Emerging growth company
If an emerging growth company, indicate by check mark if the registrant has elected not to use the extended transition period for complying with any new or revised financial accounting standards provided pursuant to Section 13(a) of the Exchange Act. ☐
Item 1.01. | Entry into a Material Definitive Agreement. |
As previously disclosed, Foot Locker, Inc., a New York corporation (the “Company”), and certain of its domestic subsidiaries (collectively, the “Guarantors”) are parties to a credit agreement, dated as of May 19, 2016 (as in effect prior to the Amendment referred to below, the “Credit Agreement”), with the lenders party thereto, and Wells Fargo Bank, National Association, as agent, letter of credit issuer, and swing line lender, which governs the Company’s secured asset-based revolving credit facility (the “Revolving Credit Facility”).
On July 14, 2020, the Company entered into an amendment (the “Amendment”) to the Credit Agreement (as so amended, the “Amended Credit Agreement”). The Amendment provides, among other things, that (1) the maturity date of the Revolving Credit Facility is extended to July 14, 2025, and (2) the aggregate commitments of the lenders under the Revolving Credit Facility are increased to $600,000,000. In accordance with the terms of the Amended Credit Agreement, the proceeds from the Revolving Credit Facility borrowings may be used for working capital, general corporate purposes, or other purposes permitted under the Revolving Credit Facility. Borrowings and letters of credit under the Amended Credit Agreement are not permitted to exceed a borrowing base, which is tied to the level of inventory and accounts receivable of the Company and the Guarantors.

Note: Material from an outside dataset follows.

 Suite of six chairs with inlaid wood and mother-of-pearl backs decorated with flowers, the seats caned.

The Amendment provides that the interest rate applicable to loans under the Amended Credit Agreement will be equal to, at the Company’s option, either a base rate, determined by reference to the federal funds rate, plus a margin of 0.75% to 1.25% per annum, or a Eurodollar rate, determined by reference to LIBOR, plus a margin of 1.75% to 2.25% per annum, in each case, depending on availability under the Amended Credit Agreement. In addition, the Company will pay a commitment fee of 0.50% per annum on the unused portion of the commitments under the Amended Credit Agreement.

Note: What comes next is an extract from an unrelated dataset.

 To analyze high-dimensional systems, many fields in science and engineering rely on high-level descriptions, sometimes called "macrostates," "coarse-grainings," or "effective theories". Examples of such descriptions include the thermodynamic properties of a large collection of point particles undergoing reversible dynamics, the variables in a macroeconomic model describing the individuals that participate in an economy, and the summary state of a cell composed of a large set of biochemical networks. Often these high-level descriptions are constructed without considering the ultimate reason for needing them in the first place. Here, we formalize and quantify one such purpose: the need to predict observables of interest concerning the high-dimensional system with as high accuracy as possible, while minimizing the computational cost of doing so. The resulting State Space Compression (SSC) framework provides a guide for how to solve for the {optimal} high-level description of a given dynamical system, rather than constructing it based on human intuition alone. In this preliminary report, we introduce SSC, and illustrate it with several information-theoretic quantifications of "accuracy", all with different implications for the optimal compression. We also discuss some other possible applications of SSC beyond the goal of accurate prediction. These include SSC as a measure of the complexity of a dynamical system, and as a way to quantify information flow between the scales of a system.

On July 15, 2020, the Company repaid all revolving loans outstanding under the Amended Credit Agreement.
The Company’s obligations under the Amended Credit Agreement continue to be guaranteed by certain Guarantors and secured by a first priority lien on certain of the assets of the Company and certain Guarantors, including inventory, accounts receivable, cash deposits, and certain insurance proceeds.
The foregoing summary of the Amendment does not purport to be complete and is subject to, and qualified in its entirety by, the full text of the Amendment, which is filed as Exhibit 10.1 hereto. The Amendment is incorporated by reference herein.
Item 2.03. | Creation of a Direct Financial Obligation or an Obligation under an Off-Balance Sheet Arrangement of a Registrant. |
The information set forth in Item 1.01 above is hereby incorporated by reference under this Item 2.03.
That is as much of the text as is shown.